Biomedical Engineering Application Brief
Massachusetts General Hospital
Ulysses J. Balis, M.D.
Center for Engineering in Medicine at the Massachusetts General
Hospital, Shriners Hospitals for Children, Harvard Medical School
and Organogenesis, Inc.
In the rapidly growing field of tissue engineering, researchers are
striving to develop suitable artificial environments that allow
human tissue to be grown outside the human body. In an effort to
refine their bioreactor designs, researchers developing a
bioartificial liver are using DADiSP to help them understand the
oxygen uptake behavior of liver cells.
Cambridge, Boston, and Canton, MA
Of primary interest in the field of tissue engineering is the effective
reutilization of living cells in man-made housings to effectively
reproduce organ function.

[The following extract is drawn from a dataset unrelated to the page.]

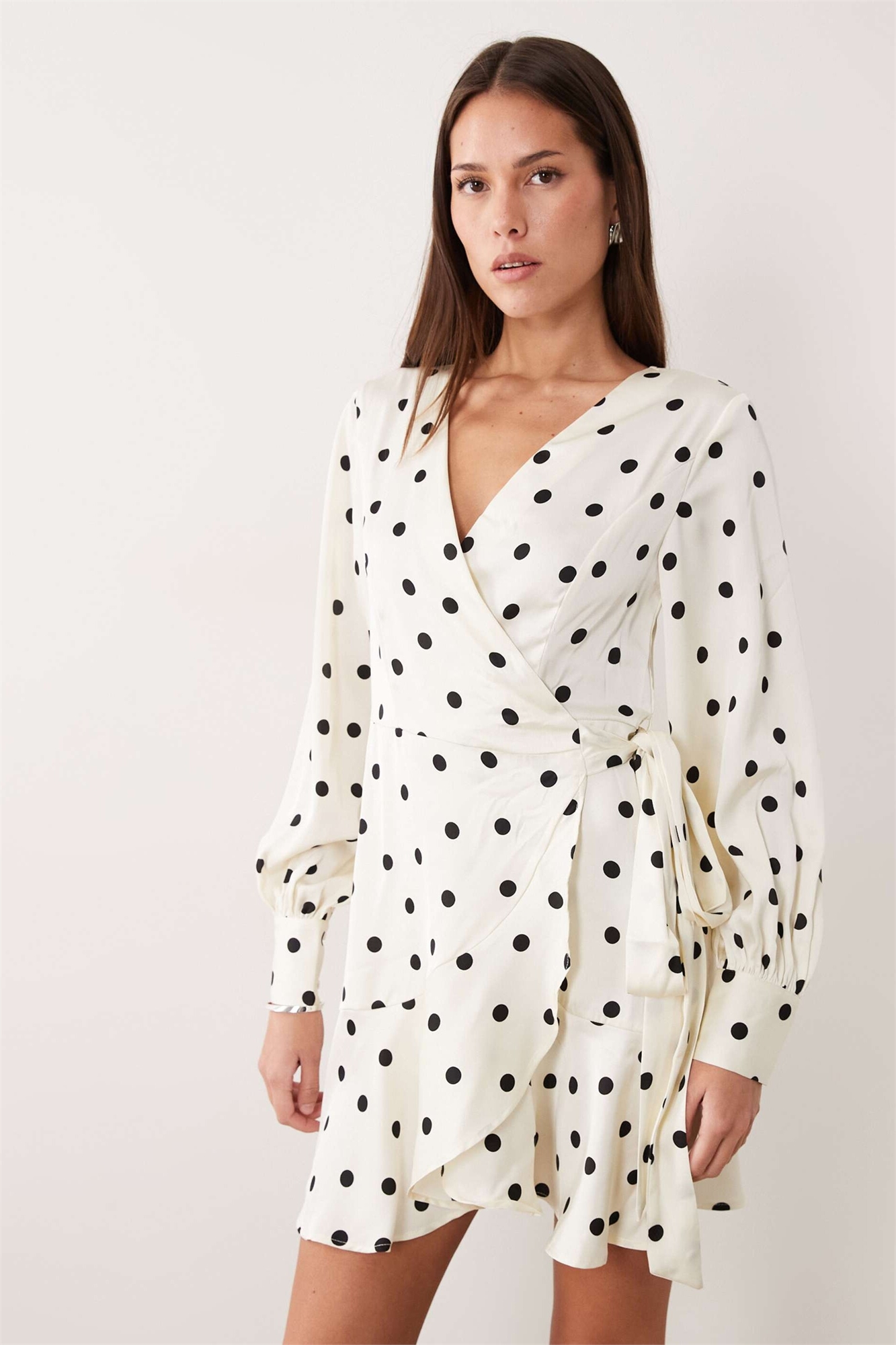 Мини-платье с длинными рукавами из атласа с запахом
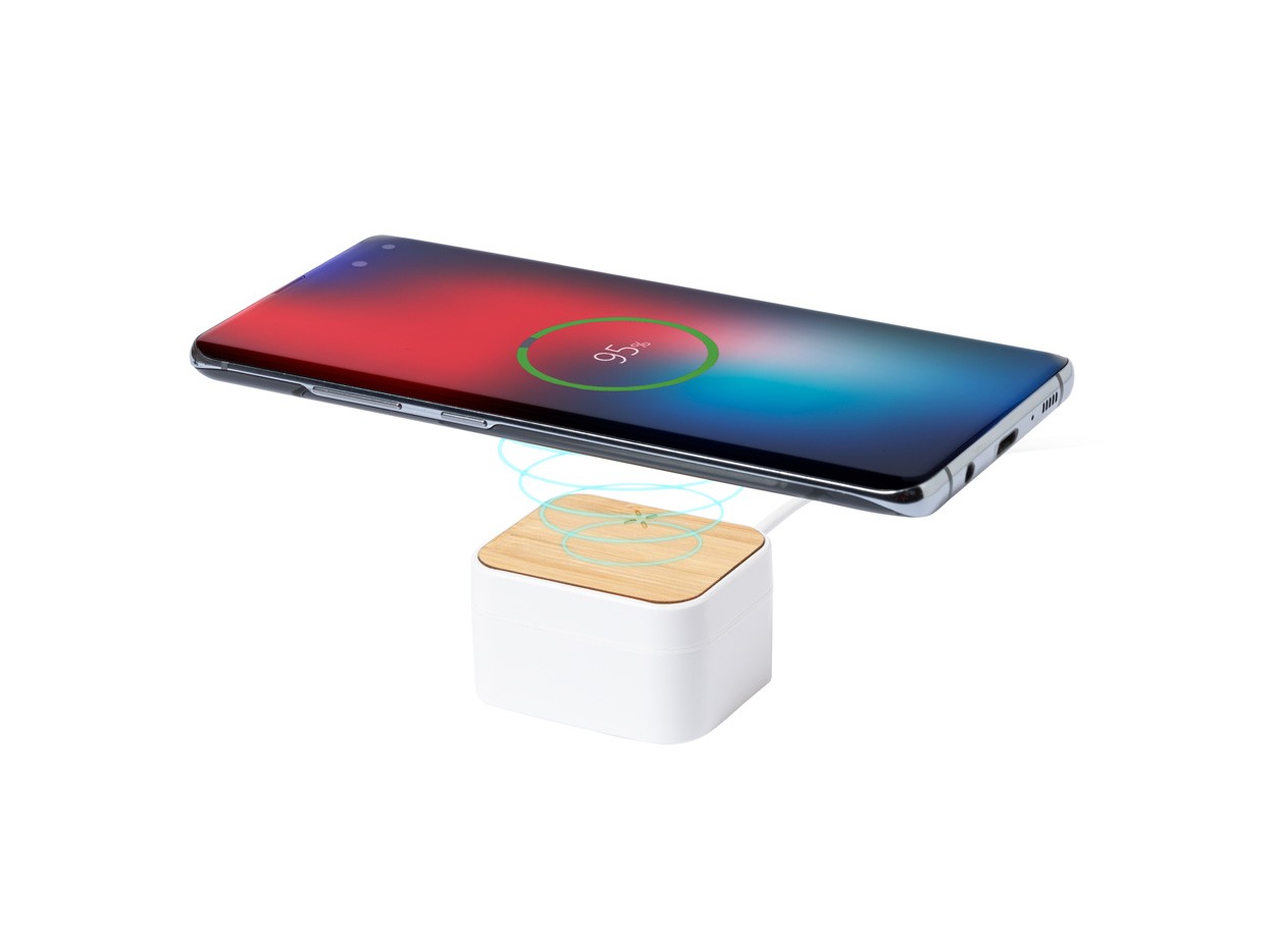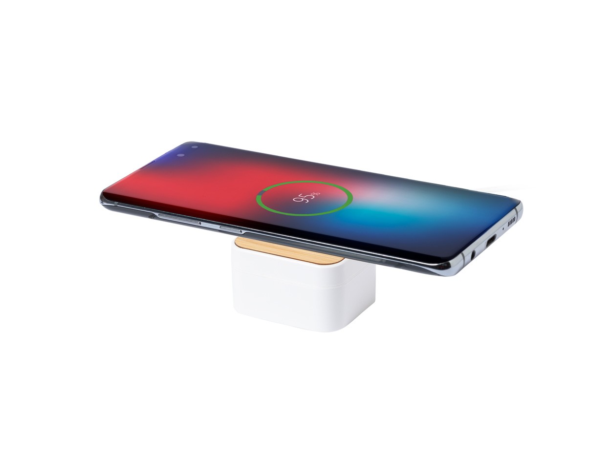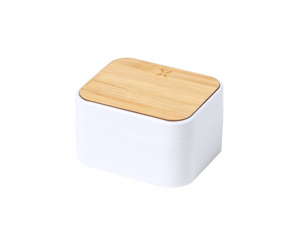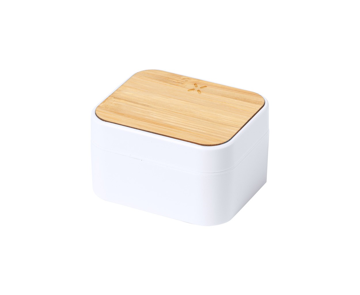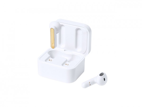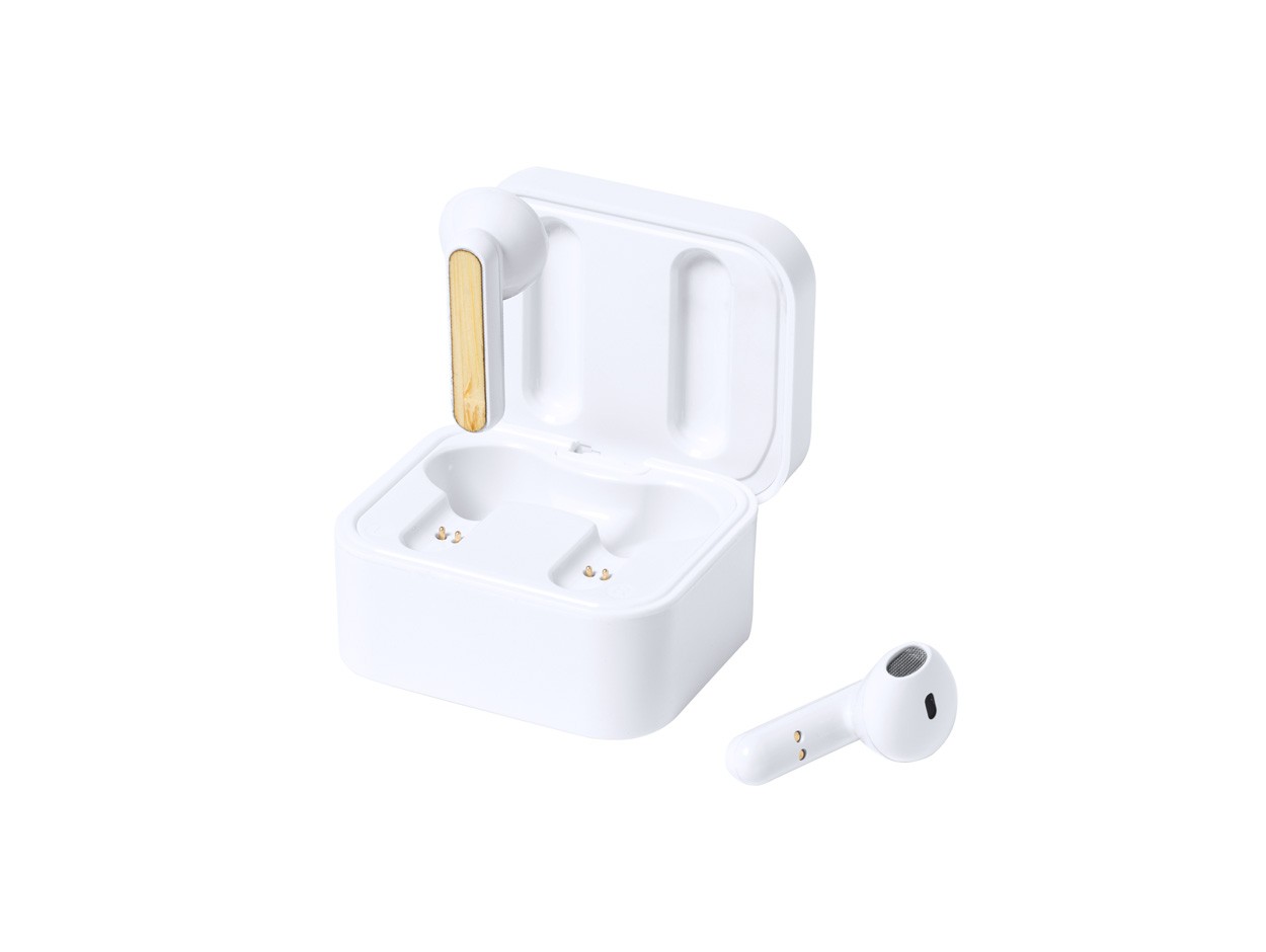 Căști bluetooth, fără fir, cu incrustație de bambus și funcție de apel hands-free. În carcasă de încărcare din plastic ABS cu incrustație de bambus. Inclusiv cablu de încărcare USB.

Devices, known as bioreactors or
bioartificial constructs, are highly dependent upon selection of
effective fabrication geometries, such that all cells within the device
receive adequate nutrients and oxygen.
Oxygen consumption rate is an important design parameter in the
fabrication of the BioArtificial Liver (BAL), now under development at
the Massachusetts General Hospital and Shriners Hospitals for Children
in Boston, MA. Unlike many other types of somatic cells, hepatocytes
have the capability of operating at sustained hypermetabolic levels,
under certain stimulatory conditions. While this is a highly desirable
attribute from a BAL design perspective, as fewer total cells are
needed, it also presents a formidable design challenge, as the
bioreactor must be constructed in such a manner that the cells do not
suffocate themselves from their unusually high oxygen consumption. To
help solve this problem, it is therefore important to have precise data
concerning hepatocyte oxygen consumption characteristics.
Measuring Oxygen Uptake
The measurement of cellular oxygen uptake involves the use of a closed
reaction chamber with an embedded Clark polarographic oxygen electrode.
A typical experiment is conducted by measuring oxygen tension over
time, after the chamber has been isolated from the ambient environment.
Since it is a closed system during the experiment, oxygen tension
decreases with time, as cells respire. Key BAL modeling parameters, Km
and Vmax, which are derived from experimental oxygen tension curve
data, are the goal of this class of experimentation.
Accurate generation of oxygen tension-time curves is not trivial,
however, in that the Clark electrodes exhibit a significant noise
spectrum, which is further compounded by the signal drift resulting
from the mixing within the reactor chamber. As a result,
interpretation of raw 16-bit oxygen tension data proved essentially
intractable in initial experimentation, as the meaningful slope data
was buried in a sea of spectral noise, even after signal enhancement by
online numerical averaging techniques.
Frequency Domain Filtering
To remove the spectral noise, it became evident that frequency-domain
based filtering techniques would be necessary. Additionally as each
experiment generated several megabytes of data, a relatively robust
data management system was necessary.